SHBC1177
G.P.W.LAU1, B.J.LAU1, S.MD BIN MA’AROF1
Institute of Mental Health1
Amid the COVID-19 Pandemic, strategies had to be established to ensure patients with severe, treatment-refractory Obsessive-Compulsive Disorder (OCD) and other related disorders such as Body Dysmorphic Disorder (BDD) continued to receive continuous personalized care and treatment to prevent relapses and readmissions. The dedicated multi-disciplinary clinical team strategized to provide thorough assessment and a range of gold-standard treatment options. This paper describes these strategies and outcomes.

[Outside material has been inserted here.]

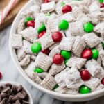 Christmas Puppy Chow is a festive, sweet snack mix combining melted chocolate, peanut butter, and buttery goodness tossed with crunchy rice Chex cereal and coated in confectioners sugar, then sprinkled with colorful holiday M&M's. This treat is quick to make and perfect for holiday parties or cozy snacking.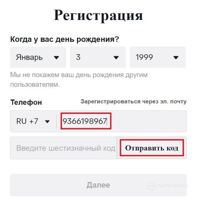 - Теперь нам нужно перейти на сайт ТикТок и попробовать воспользоваться виртуальным номером для тестирования смс-активатора. Что мы и сделали, после чего запустили процесс регистрации нового пользователя. Номер, естественно, указали купленный на «SMSBower».

From August 20 to July 21, due to split team infection control measures, 22 patients were assessed and if accepted, reviewed via Telehealth by the doctor whilst psychologist and case manager (CM) assessed patient face to face in clinic. The psychologist administered the Yales Brown Obsessive Compulsive Scale (YBOCS), the case manager administered Obsessive Compulsive Inventory-Revised (OCI-R), Patient Health Questionnaire (PHQ-9), Quality of Life Enjoyment and Satisfaction Questionnaire – Short Form (QLES-SF), as well as the EQ-5D-5L. She followed up her patients with telephonic case management.
8 patients were discharged back to the referring doctor due to the following reasons – patient’s request, not keen/motivated for intensive therapy sessions, does not have a diagnosis of OCD, referred for second opinion. However, of the remaining 14 patients, only 1 was admitted for depression. Overall in this cohort, 3 patients showed significant reduction in OCD symptoms within the first 3 months of intensive therapy despite poor prognosis and 11 patients remain stable
In conculsion, the OCD services effectively adapted and successfully provide treatment to treatment resistant, severe OCD patients through telehealth and telephonic case management.